For our previous post, 21 members of the CU Boulder history department took part in a survey resulting in a presidential bottom-ten list. Their picks for worst commanders-in-chief were:
1. Richard Nixon
2. George W. Bush
3. Andrew Johnson
4. James Polk
5. Millard Fillmore
6. Warren Harding
7. Chester Arthur
8. James Buchanan
10 (tie). Andrew Jackson and Martin Van Buren
At our request, Zeiler commented on each of the selections before analyzing Trump in comparison to his cellar-dwelling predecessors — and he saw America's newest leader as a mashup of two presidents cited by the CU Boulder contingent.
"Trump isn't a Republican like Richard Nixon was," he told us last year. "Nixon probably couldn't be elected as a Republican now; that was the liberal wing of the Republican Party. And Bush was more in line with the corporate Republicans, which had mainstream views about corporate trade, open borders and immigration. Let's face it: Bush wanted immigration because it's cheap labor. But that's much different from Trump, who has sort of retreated back to a much older style of the Republican Party that really sort of petered out in the 1940s: populist, nationalistic Republicans."
Like Andrew Jackson, however, "Trump isn't really prepared for office," Zeiler continued. "Jackson was also a guy who was sort of a populist who shot from the hip, a lot like Donald.
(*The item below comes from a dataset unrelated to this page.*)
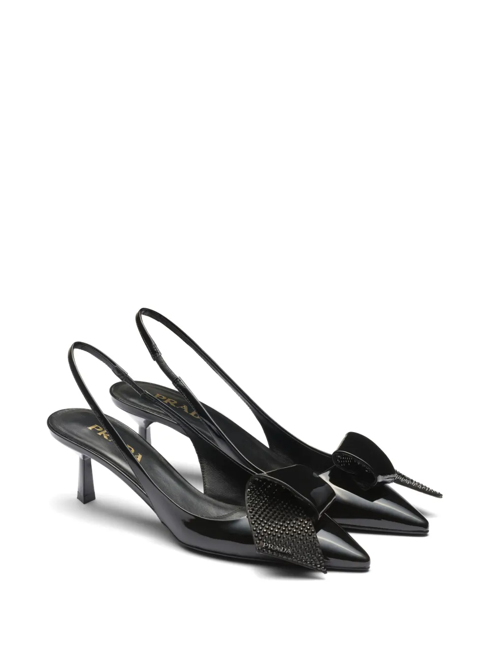 Лакированные туфли с аппликацией Prada, черный

And Harding is someone else he can be compared to. Harding was a guy who sort of picked and chose and had fun on his own while he let others run his administration, because he was incapable of doing it himself. So Trump could also turn out to be a combination of Jackson and Harding."
And today? In Zeiler's opinion, Trump has "confirmed many of our worries and is in many ways worse than we thought for several reasons. From day one, there were confused messages coming out of the White House, ranging from his utterances about the size of the inaugural audiences to the Muslim ban on immigration, which were incompetently done. That immediately gave rise to concerns that had plagued his campaign and carried over into his first year — that this was a president who doesn't really know how to govern and, in fact, doesn't care about learning how to govern."
Equally worrisome, Zeiler feels, are questions of the sort that appear in author Michael Wolff's book Fire and Fury about "whether Trump has the mentality or the psychological and emotional capacity to be president. Some people have even talked about dementia. Now, this isn't the first time this kind of thing has happened. Woodrow Wilson had a stroke in the latter part of his administration and really didn't govern at all; his wife did. Nixon was under great stress, as was Lyndon Johnson, and James Garfield didn't govern for months after he was shot. [An assassination attempt on Garfield took place on July 2, 1881; he died on September 19.] But with Trump, it's happened at the very start of his term."
His poor early performances gave critics a chance to hit the ground running, Zeiler contended. "Usually, when you're president, you get a honeymoon period, regardless of how divided the country is. He lost the popular vote, but you still had a government controlled by one party — his party. And yet, he had his one-and-only legislative victory" — the signing of a tax-overhaul bill — "at the end of the first year, and it wasn't due to the president or any pull that he has. It passed because Republican leaders, and especially Mitch McConnell, knew the Republicans had to have this tax bill no matter what it looked like. The very existence of the Republican Party was at jeopardy, which is why all of the Republicans, including Jeff Flake, Susan Collins and John McCain, voted for it. And that had very little to do with President Trump, because he has so little heft and very little influence."
To Zeiler, the nadir thus far has been Trump's response to a death during racially charged demonstrations and protests in Charlottesville, Virginia, this past summer. "Nixon cultivated the 'silent majority,' which was Archie Bunker stuff. But to cede the moral high ground and say there were good people on both sides showed both latent racism and his inability to think before he speaks."
In addition, the ongoing investigation into possible Russian influence on the Trump campaign during the 2016 election has led some observers to suggest that assorted insiders, and perhaps the president himself, are guilty of treason — a charge that Zeiler said isn't unprecedented, but close.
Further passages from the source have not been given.